Where to start
Optimize the right layer first — a 30% output trim saves less than a 30% input trim when your context is 10× larger than your completions.
Prerequisite: measure before you optimize
Before changing prompts, models, or caching, you need a baseline. See Article I: immutable metering for the architectural requirements.
Without this baseline, you cannot tell whether prompt changes, model swaps, or context compression moved the needle.
Narev (opens in a new tab) provides live model pricing and cost calculation if you need normalized USD comparisons across providers.
Optimization sequence
Work through these steps in order. Each layer compounds on the previous one.

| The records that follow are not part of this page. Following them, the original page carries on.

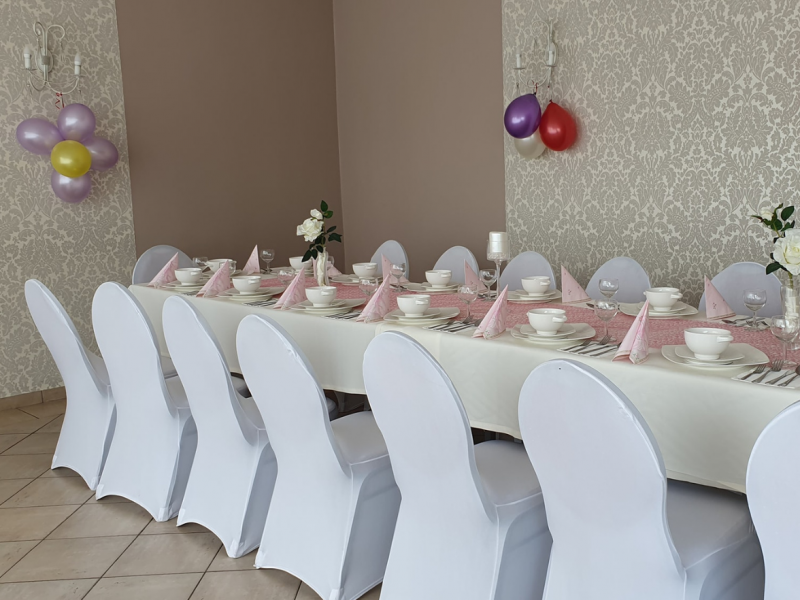 Oferujemy stylową i przestronną salę, w której doskonale odnajdują się zarówno kameralne przyjęcia, jak i pełne energii wesela do białego rana. Klimatyczny wystrój, eleganckie detale i możliwość aranżacji zgodnie z wybranym motywem sprawiają, że każde przyjęcie nabiera indywidualnego charakteru.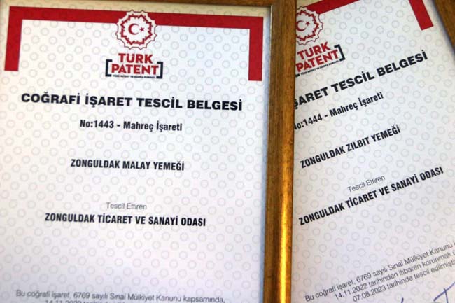 Tescil edilen Zonguldak Malay Yemeği ve Zonguldak Zılbıt Yemeğinin tescil belgeleri Türk Patent ve Marka Kurumu’nda düzenlenen törenle teslim alındı. Belge teslim töreninde, Türk Patent ve Marka Kurumu Yönetim Kurulu Başkanı Cemil Başpınar, Zonguldak Ticaret ve Sanayi Odası Yönetim Kurulu Başkanı Metin Demir, Genel Sekreter Muharrem Sarıkaya, Batı Karadeniz Kalkınma Ajansı Yatırım Destek Ofisi Koordinatörü Mustafa İnanır, Turizm ve Tanıtım Birim Başkanı Mehmet Çetinkaya ve Coğrafi İşaret Danışmanı Huriye Özener hazır bulundu.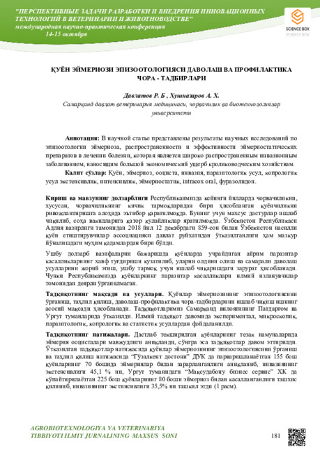 • В научной статье представлены результаты научных исследований по эпизоотологии эймериоза, распространенности и эффективности эймериостатических препаратов в лечении болезни, которая является широко распространенным инвазионным заболеванием, наносящим большой экономический ущерб кролиководческим хозяйствам.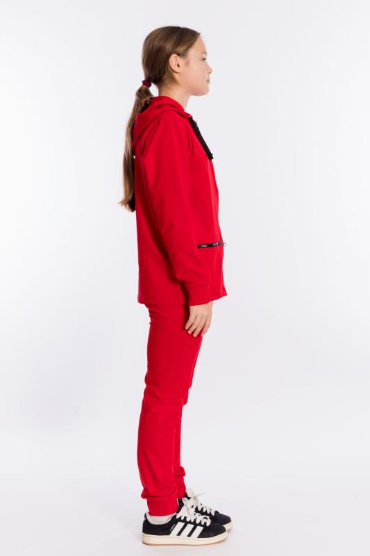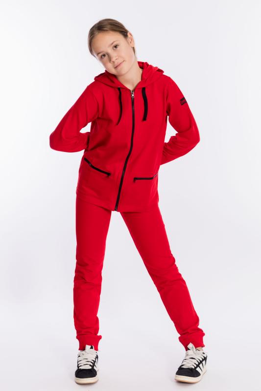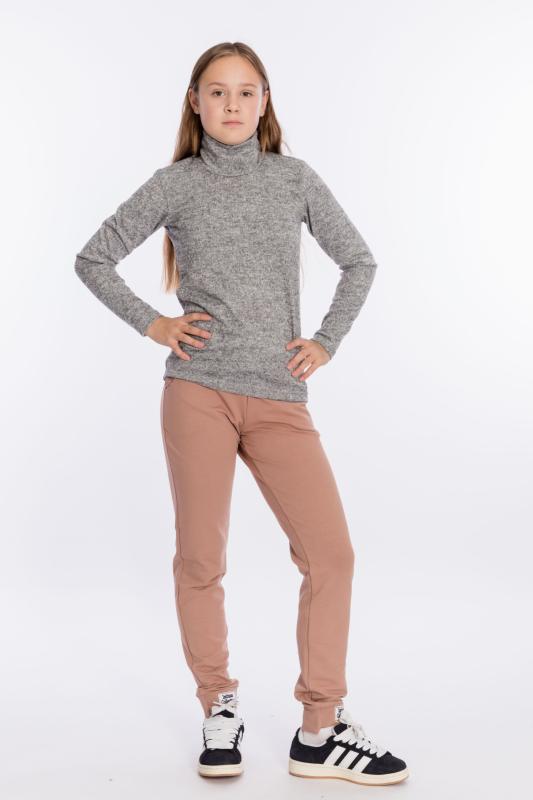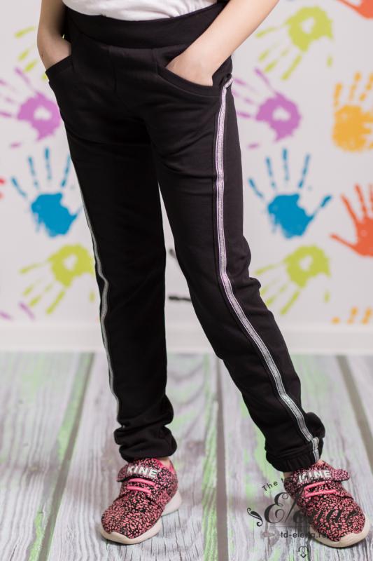Брюки для девочки выполнены из футер петли с лайкрой. Брюки с карманами спереди, с фигурными швами и пришивными лампасами. На резине по поясу и низу. Размерный ряд: 26-42.

| Step | Technique | Expected impact | Guide |
|---|---|---|---|
| 1 | Metering + attribution | Prerequisite | Article I |
| 2 | Prompt hygiene | ~20–25% on high-volume templates | Prompt hygiene |
| 3 | Model routing | 60–95% depending on task mix | Model routing |
| 4 | Provider prompt caching | 41–80% on cached input | Prompt caching |
| 5 | Context hygiene | 40–60% in agentic workloads | Context hygiene |
| 6 | Output control + RAG discipline | 15–40% on verbose or over-fetched workloads | Output and RAG |
| 7 | Semantic caching | Eliminates inference on cache hits | Semantic caching |
| 8 | Advanced compression | Variable — benchmark required | — |
Why this order matters:
- Prompt hygiene is free and fast. Concise prompts with schema-enforced outputs often cut costs 20%+ with no infrastructure changes.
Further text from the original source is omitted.